Calanthus, who had arrived too late to intercept the Sisters' charge, stood rooted to the spot. It had happened too quickly. Even an Angel of Death could not have intervened in time.

High Inquisitor Faral's face was ashen as he surveyed the gore-streaked corridor. He had fought alongside Grey Knights; he had led elite cadres against the horrors of the Immaterium. Even a Helbrute was a familiar foe in his eyes.

But the cold, clinical efficiency of these two machines filled him with a primal dread. The Storm Troopers had lost their will to fight; the "indomitable" Sisters had been slaughtered like lambs. The only hope remaining in the corridor rested upon the shoulders of Calanthus.

Seeing that the survivors no longer intended to strike, Axion saw no reason to pursue. There was no logic in unnecessary expenditure. His sensors immediately locked onto Calanthus, the tallest and most prominent figure in the hall.

Axion tore the impaled corpse of the Sister from his arm and let the remains fall. Crimson blood trickled down his silver-white armored casing as he walked toward Calanthus and Faral.

The surrounding Storm Troopers raised their hellguns with trembling hands. They were terrified, yet they clung to the tattered remnants of their discipline.

"Lower your weapons! Fall back!"

Faral's command was a reprieve. The Storm Troopers retreated toward the aft of the corridor, their weapons still aimed at the metal giant. A sergeant attempted to pull the High Inquisitor with them, but Faral refused; Calanthus was still at his side. He knew that without heavy support, his men were powerless against Axion, and their presence only endangered his life.

"Calanthus," Axion's voice echoed, devoid of malice or heat. "I require an explanation. These fragile soldiers initiated an unprovoked assault. I am unable to identify a breach in protocol on my part."

Faral's eyes nearly bulged from his head as he heard the killing machine address the Ultramarine.

Fragile soldiers?

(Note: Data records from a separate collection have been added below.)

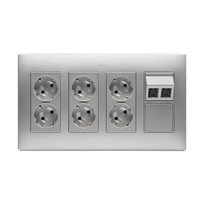 TV-sett med adapter- og dataport, 16A, aluminium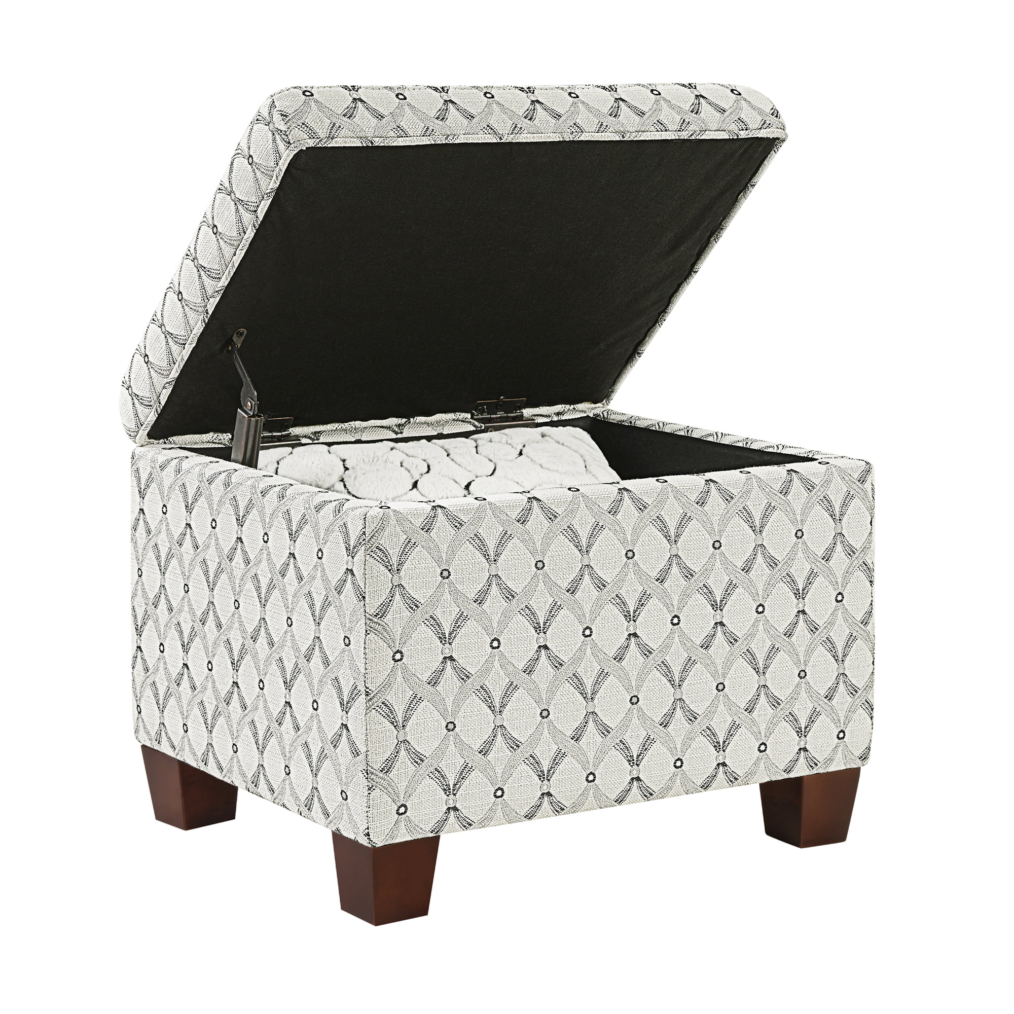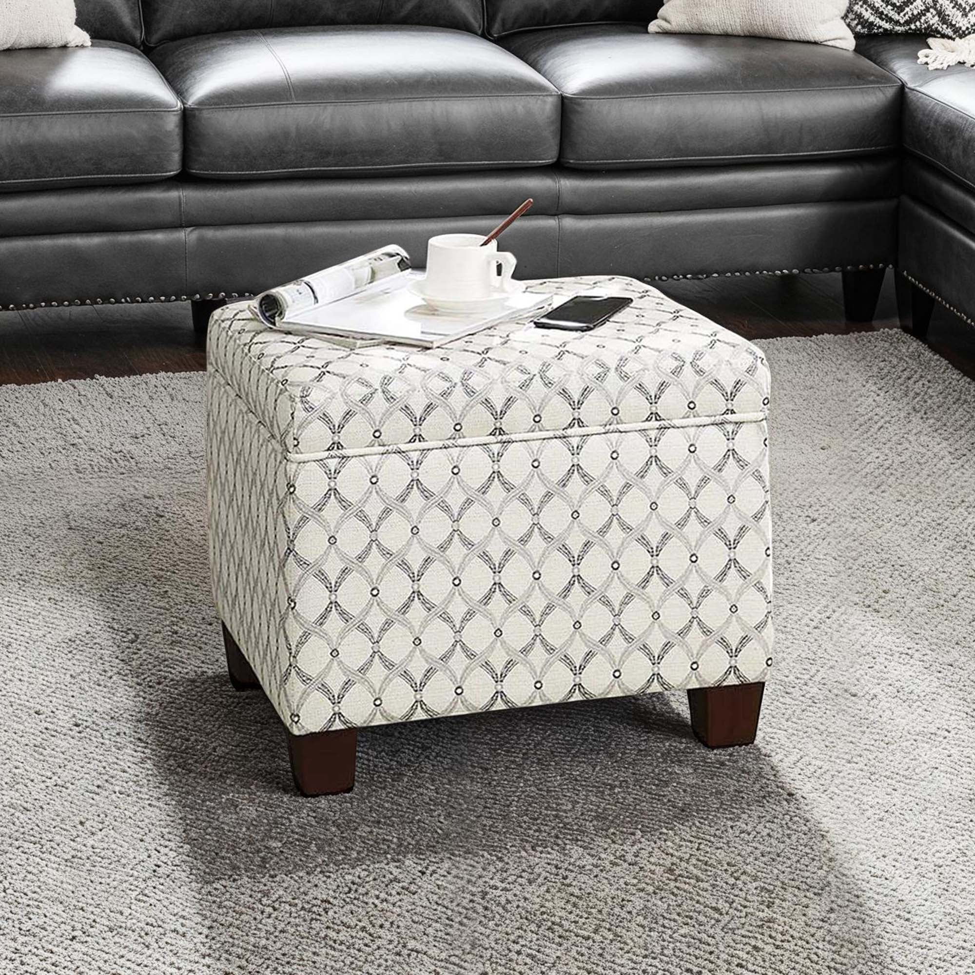 Part of the Designs4Comfort Collection from Convenience Conc Enjoy right away with its 3-step assembly Made of solid wood/faux leather/KD wood/fire-retardant foam Beautiful patterned gray faux leather fabric Will complement any decor and tidy up any room with its hidden storage 21.75″ L x 17.75″ W x 18.5″ H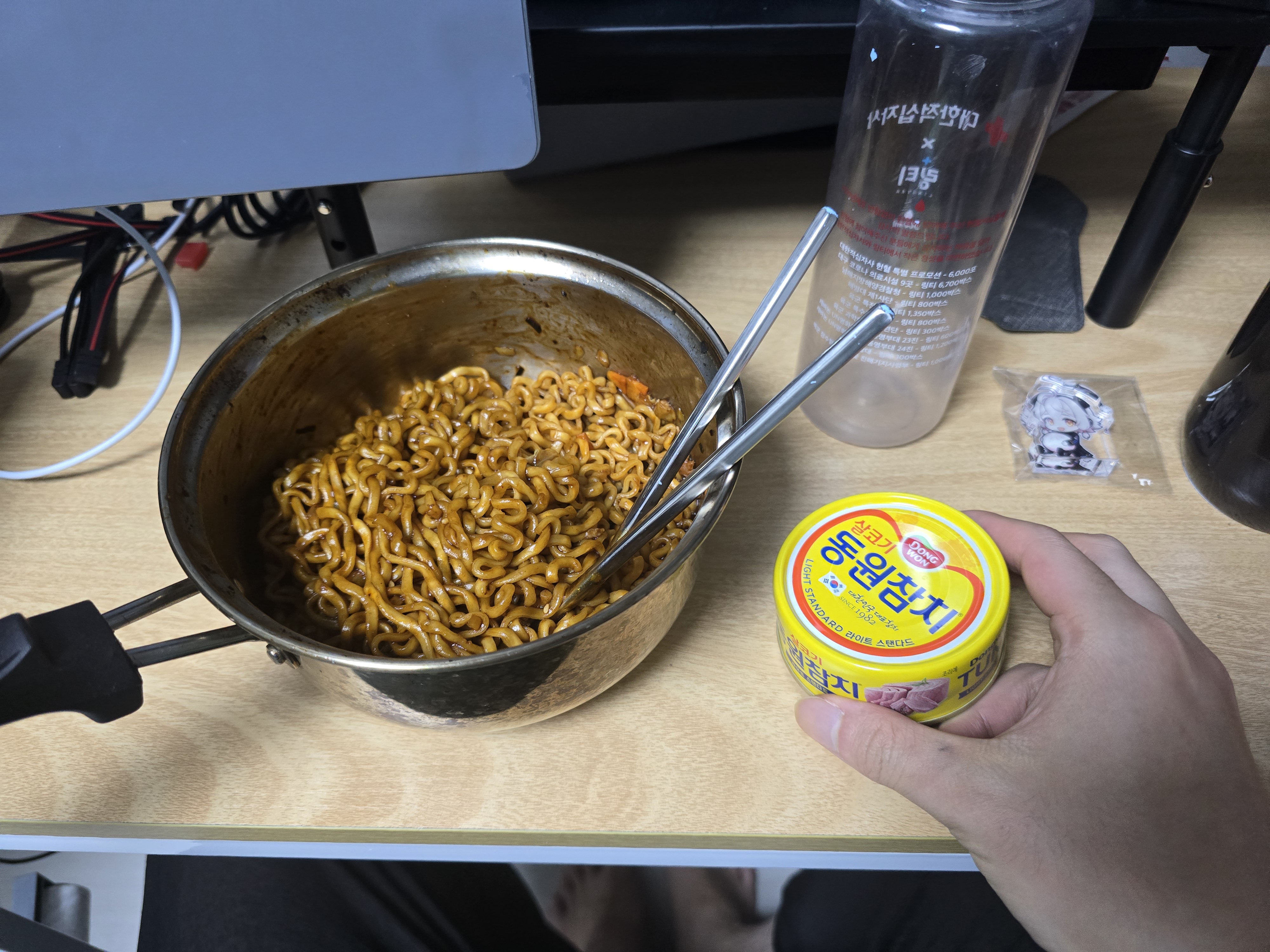 일요일 저녁 21시 30분이 되어서 귀가했다. 저녁을 못먹었으니 집에 있는 짜파게티와 불닭볶음면 섞어서 먹었다. 수분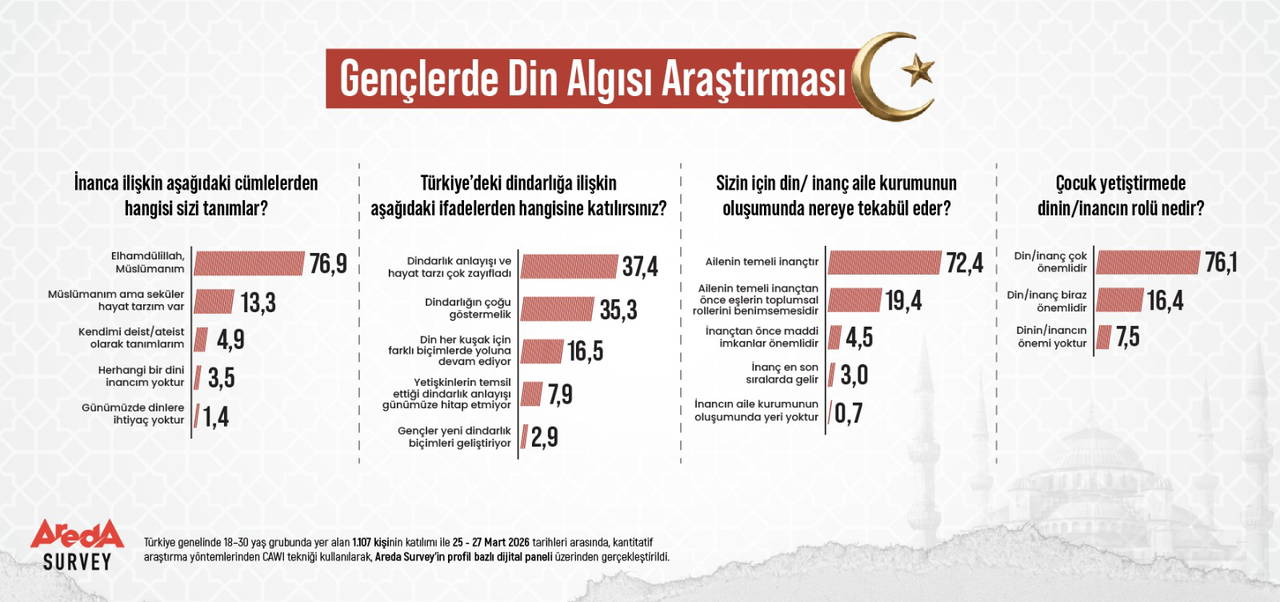 Areda Survey, 25-27 Mart 2026 tarihleri arasında Türkiye genelinde 1.107 gencin katılımıyla “Gençlerde Din Algısı” araştırmasını gerçekleştirdi. Sonuçlar, gençlerin manevi dünyasındaki güçlü inanç bağı ile kurumsal dindarlığa yönelik eleştirel bakışı arasındaki dengeyi gözler önüne serdi.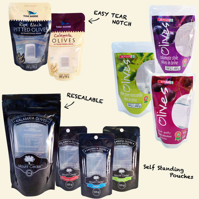 - Pickles and preserves often have a liquid portion and a solid portion. The self-standing ability of our pouch allows the pouch to be opened and kept upright preventing spillage of the contents.

That dismissive, clinical tone! This thing had butchered the Emperor's faithful, yet it spoke with the calm of a logic-engine.

Then, a more terrifying realization struck him.

An ancient construct. A sentient mechanical entity.

"This is... an Abominable Intelligence?!" Faral hissed. "The Adeptus Mechanicus has been harboring a ghost-in-the-machine?! What have those Cog-priests unleashed?!"

But Calanthus's response suggested a complexity that Faral had not anticipated.

"Inquisitor," Calanthus said, his voice cold. "What did your men do to Axion?"

Calanthus understood that this ancient Iron Man was not a mindless engine of destruction. Axion had not pursued those who did not fire. Clearly, the Inquisition had tripped a wire they shouldn't have. Though he knew little of Axion's true nature, he suspected the Ordos had reaped exactly what they sowed.

Calanthus trusted the Primarch's wisdom far more than he trusted the Inquisition's zeal. He had been briefed on the necessity of memory-purging regarding the Grey Knights' involvement, but he had never imagined the Ordos would be foolish enough to hunt Axion.

The Ordo Malleus had treated Axion like a common servitor. The resulting bloodbath was the price of their ignorance.